Objection 4: Separated At Birth The separation objection is perhaps the most important, and arguably the second most famous of all Parmenides’ objections to the Forms. This objection, as Gill rightly points out, rests on Socrates’ failure to adequately explain “participation” in any of the previous objections. The objection comes down to this: the Forms can only relate to each other, and particulars can only relate to each other, but particulars cannot relate to the Forms, and the Forms cannot relate to particulars. Therefore, even if they did exist, the Forms would have no relevance to the existence of particulars. I find the objection, from an ontological perspective, unconvincing for two reasons. First, as I’ve explained above, Parmenides appears to be engaging in a great deal of sleight of hand in his objections. He is using the relational kind when it suits him, the noumenal conception when it suits him, and the ontological kind, when it suits him.

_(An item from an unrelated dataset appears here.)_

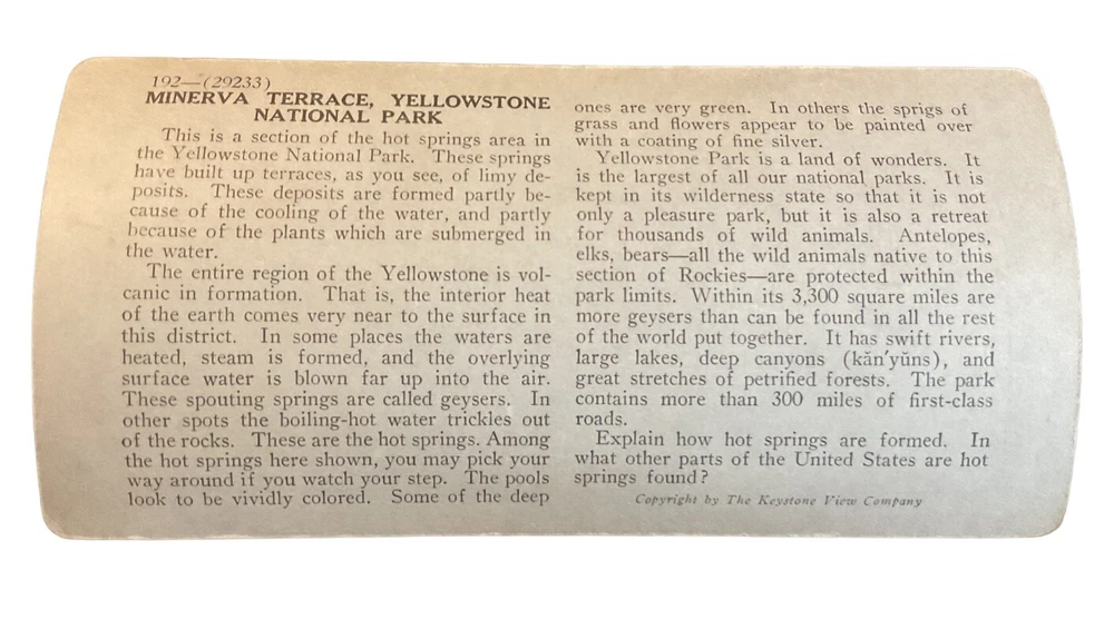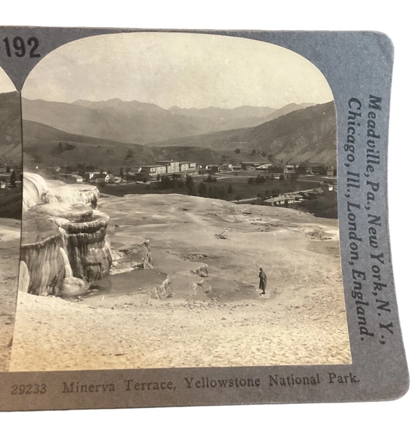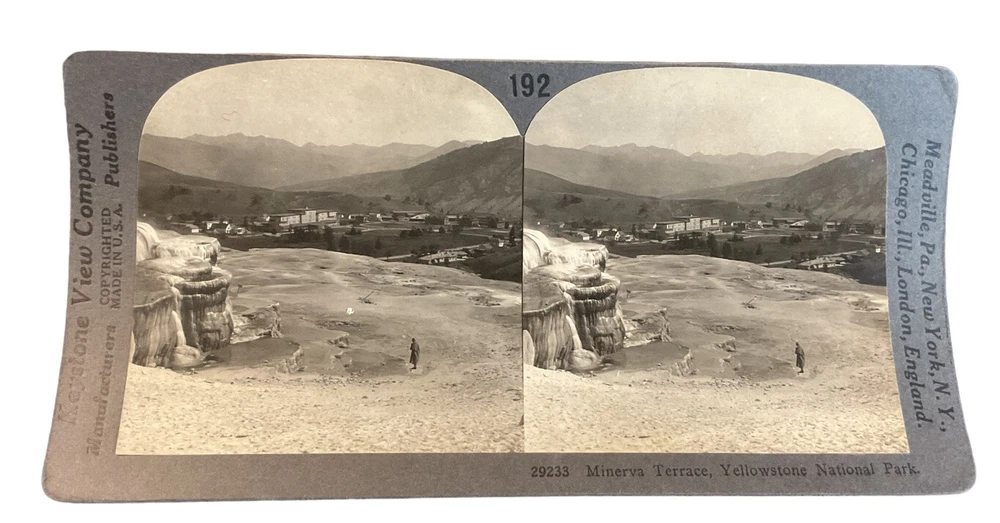 Features: NA Subject: National Parks, Yellowstone, Wyoming, Hot Springs, Minerva Terrace Production Technique: NA Original/Licensed Reproduction: Original Number of Items: 1 Type: Stereoview & Stereoscope Theme: Yellowstone Title: Minerva Terrace Yellowstone National Park Time Period Manufactured: 1900-1924 Year of Production: 1920 Brand/Publisher: Keystone View Co.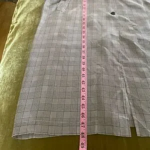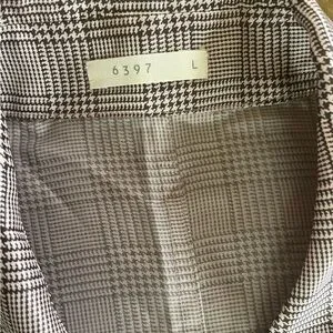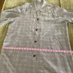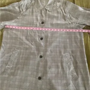 Stylish plaid coat with button-up front and pockets. Perfect for spring layering.

I suppose you could respond that the variety in Socrates’ theory is itself enough to discount the theory as unworkable; after all, what exactly are we talking about, here? Which combination of these things are we to take as canonical? I’m inclined to agree. What’s more, I think the Separation argument does have some teeth, as an epistemological problem. Even if the Forms exist, and even if we could defend the notion of “participation”, there remains the problem of how we can know any of this is actually the case. As put by Gill,

“…if things in our realm can be known and explained without reference to Forms, and if we are fully empowered within our realm, how much have we lost if we give up Forms…? …they seem irrelevant…”

Indeed. In Socrates’ metaphysics, the Forms are absolutely essential. The Forms are causally necessary for things being as they appear to us. As Gill puts it, “immanent character accounts for appearances”, and the Forms account for immanent character. But if, because the realm of Forms is indeed inaccessible to us (either intelligibly or sensibly), because timeless and perfect entities cannot be known by finite, changing beings, then we cannot know the ultimate reality of the immanent characters we apprehend with our senses, and it indeed seems we are trapped in a cartesian hell of varying degrees of uncertainty and vagueness. Quoting Gill again, “remove the causal link, as Parmenides does, in the Separation argument, and we no longer have access to what things really are.”

Conclusion The Forms, it turns out, are only pointers to a much deeper problem that we are often willing to admit. Plato was attempting to bridge the gap between subjective experience, and objective reality; between appearance, and substance; between moral sentiment, and mathematical certainty; between what is, and what ought to be; and he was hoping to do it in one motion with the invention of The Forms. All of the basic questions: what is happening when I identify something as “beautiful”? How do I know that someone is “good”? Why am I able to have the concept of a “person”? The Forms were supposed to give us insight into all these things. But, if we can’t even know what the Forms themselves are, we can’t possibly answer any of the other questions with any certainty or honesty. In the end, it is this last objection that kills the theory for me, as nothing more than an interesting speculation. It’s one of the reasons why I find Kant’s work so unconvincing. He runs head-first into the noumenal for much of his work on ethics, and as we’ve seen here, it is far from clear what that is.